However, once Python exits from the “with” block, the file is automatically closed. Trying to read from f after we have exited from the “with” block will result in the same ValueError exception that we saw above. Thus, by using “with”, you avoid the need to explicitly close files. Python does it for you, in a somewhat un-Pythonic way, magically, silently, and behind the scenes.

But what if you don’t explicitly close the file? What if you’re a bit lazy, and neither use a “with” block nor invoke f.close()?  When is the file closed?  When should the file be closed?

I ask this, because I have taught Python to many people over the years, and am convinced that trying to teach “with” and/or context managers, while also trying to teach many other topics, is more than students can absorb. While I touch on “with” in my introductory classes, I normally tell them that at this point in their careers, it’s fine to let Python close files, either when the reference count to the file object drops to zero, or when Python exits.

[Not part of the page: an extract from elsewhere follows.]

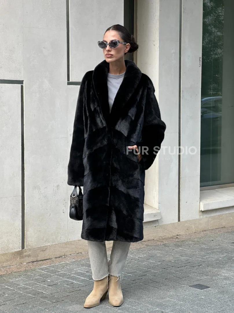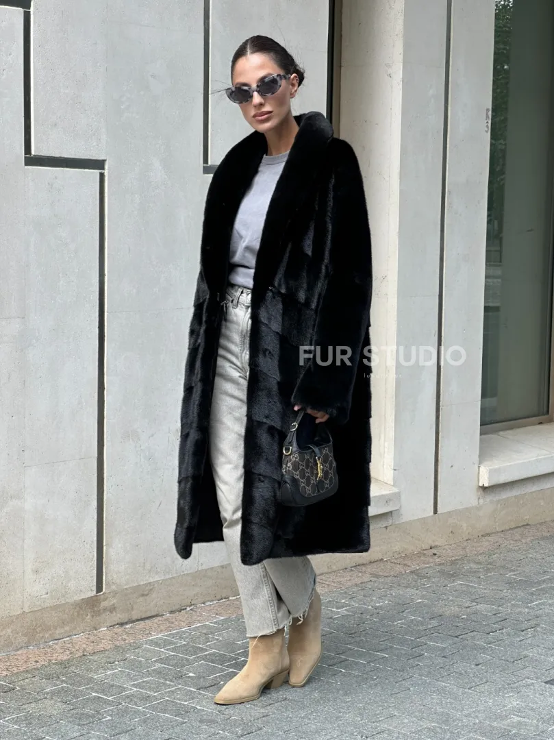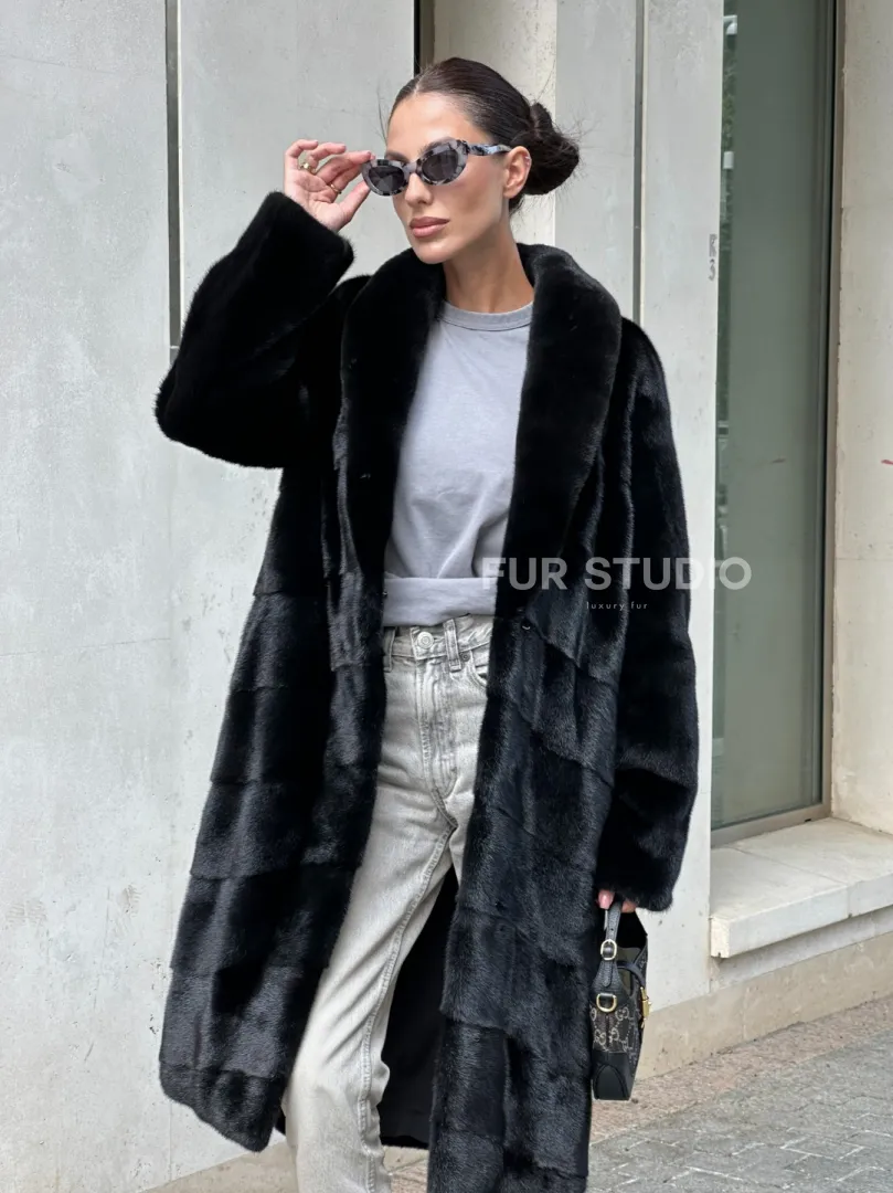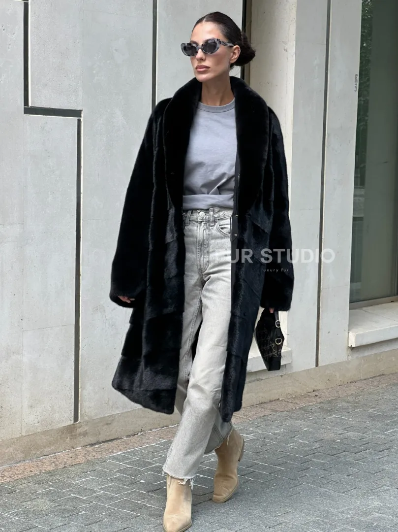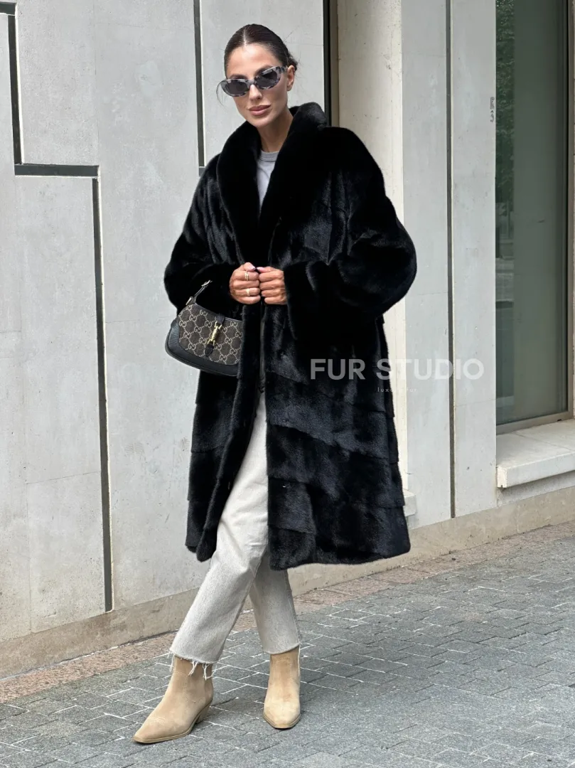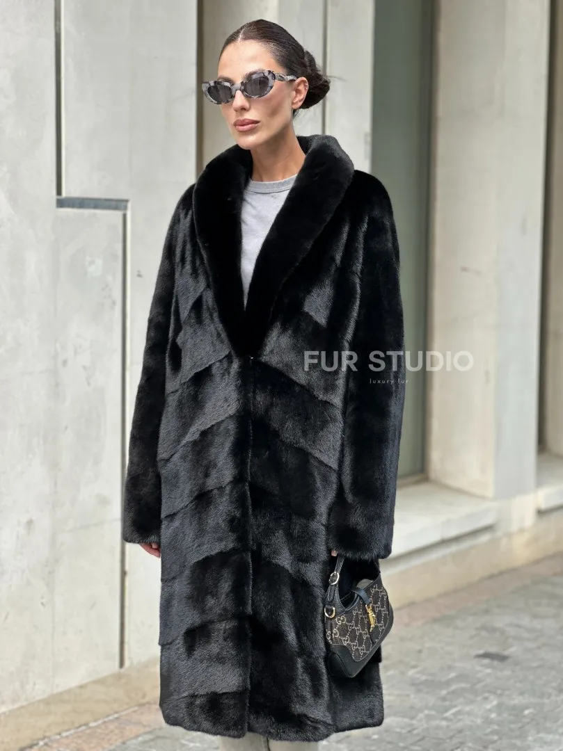 Шуба из скандинавского меха норки Saga furs с шалевым воротником доступна для покупки в нашем шоуруме Furs Studio в Москве. У нас так же есть доставка во все города России. Добавьте немного роскоши в свой гардероб с этой шубой, которая будет служить вам многие годы.

In my free e-mail course about working with Python files, I took a similarly with-less view of things, and didn’t use it in all of my proposed solutions. Several people challenged me, saying that not using “with” is showing people a bad practice, and runs the risk of having data not saved to disk.

I got enough e-mail on the subject to ask myself: When does Python close files, if we don’t explicitly do so ourselves or use a “with” block? That is, if I let the file close automatically, then what can I expect?

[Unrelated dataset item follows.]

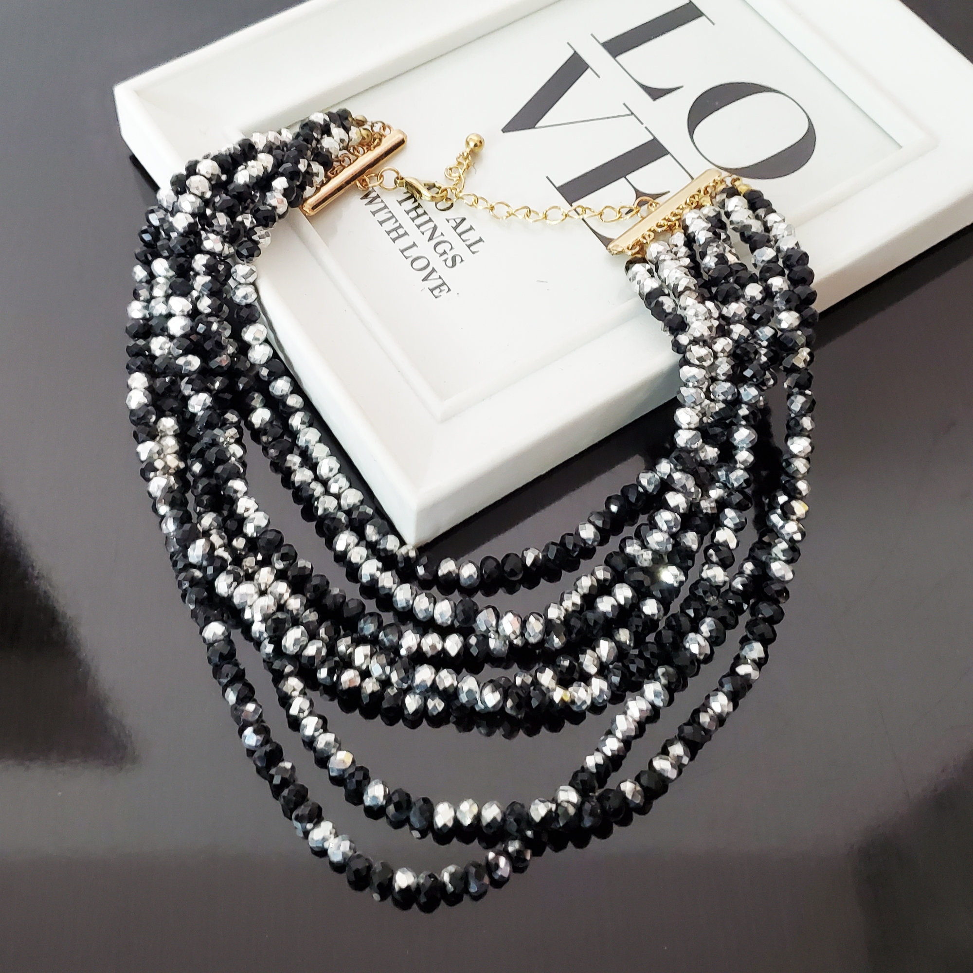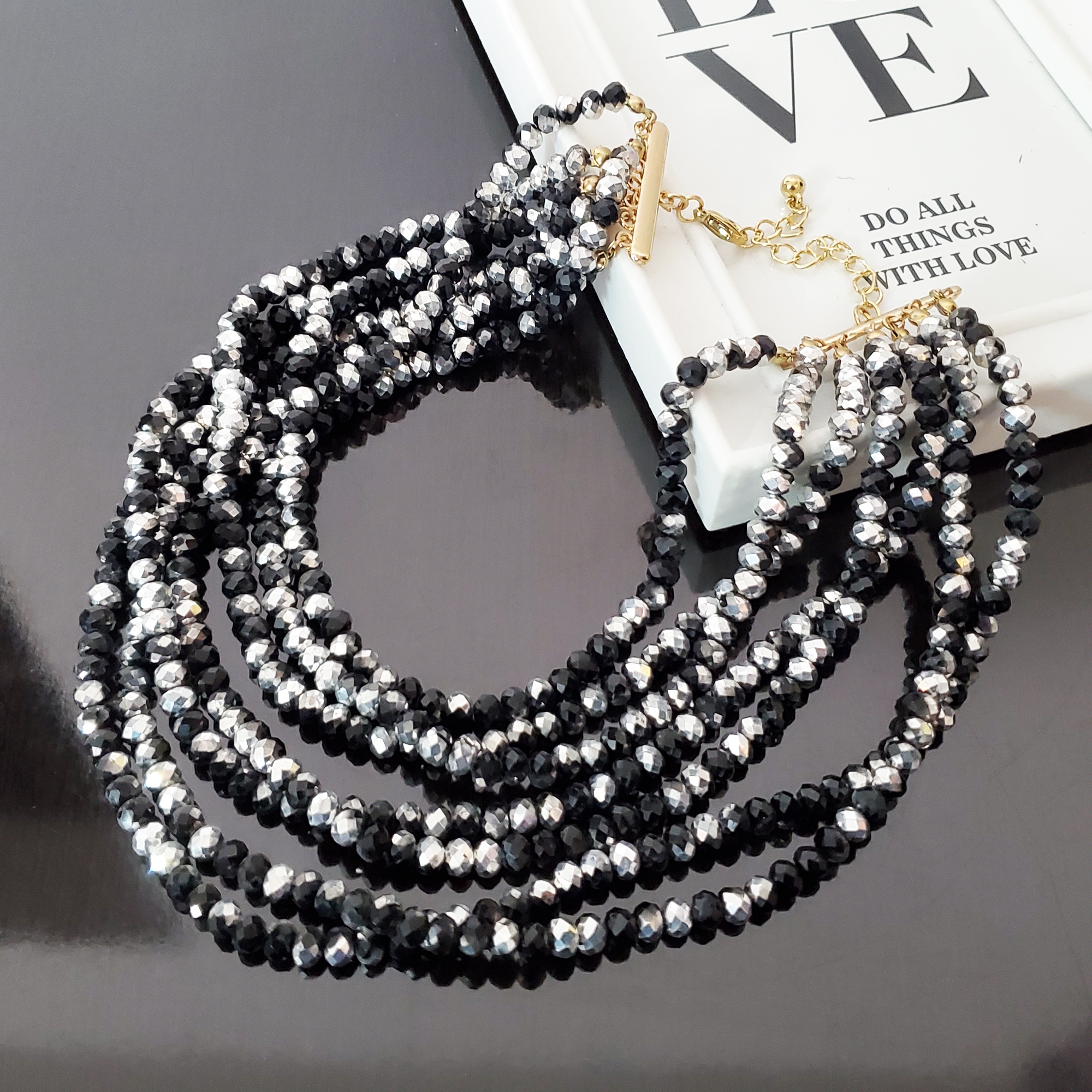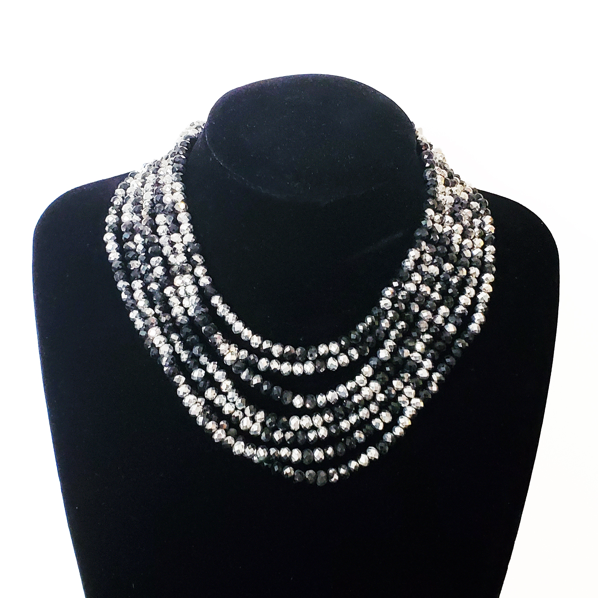 Colier cu 7 randuri de cristale de sticla, potrivit pentru persoane ce prefera culori discrete. Este potrivit atat pentru tinute de zi cat pentru tinute de seara, si se asorteaza bine cu bijuterii din argint.

My assumption was always that Python closes files when the object’s reference count drops to zero, and thus is garbage collected. This is hard to prove or check when we have opened a file for reading, but it’s trivially easy to check when we open a file for writing. That’s because when you write to a file, the contents aren’t immediately flushed to disk (unless you pass “False” as the third, optional argument to “open”), but are only flushed when the file is closed.

I thus decided to conduct some experiments, to better understand what I can (and cannot) expect Python to do for me automatically. My experiment consisted of opening a file, writing some data to it, deleting the reference, and then exiting from Python. I was curious to know when the data would be written, if ever.

My experiment looked like this:

f = open('/tmp/output', 'w')
f.write('abc\n')
f.write('def\n')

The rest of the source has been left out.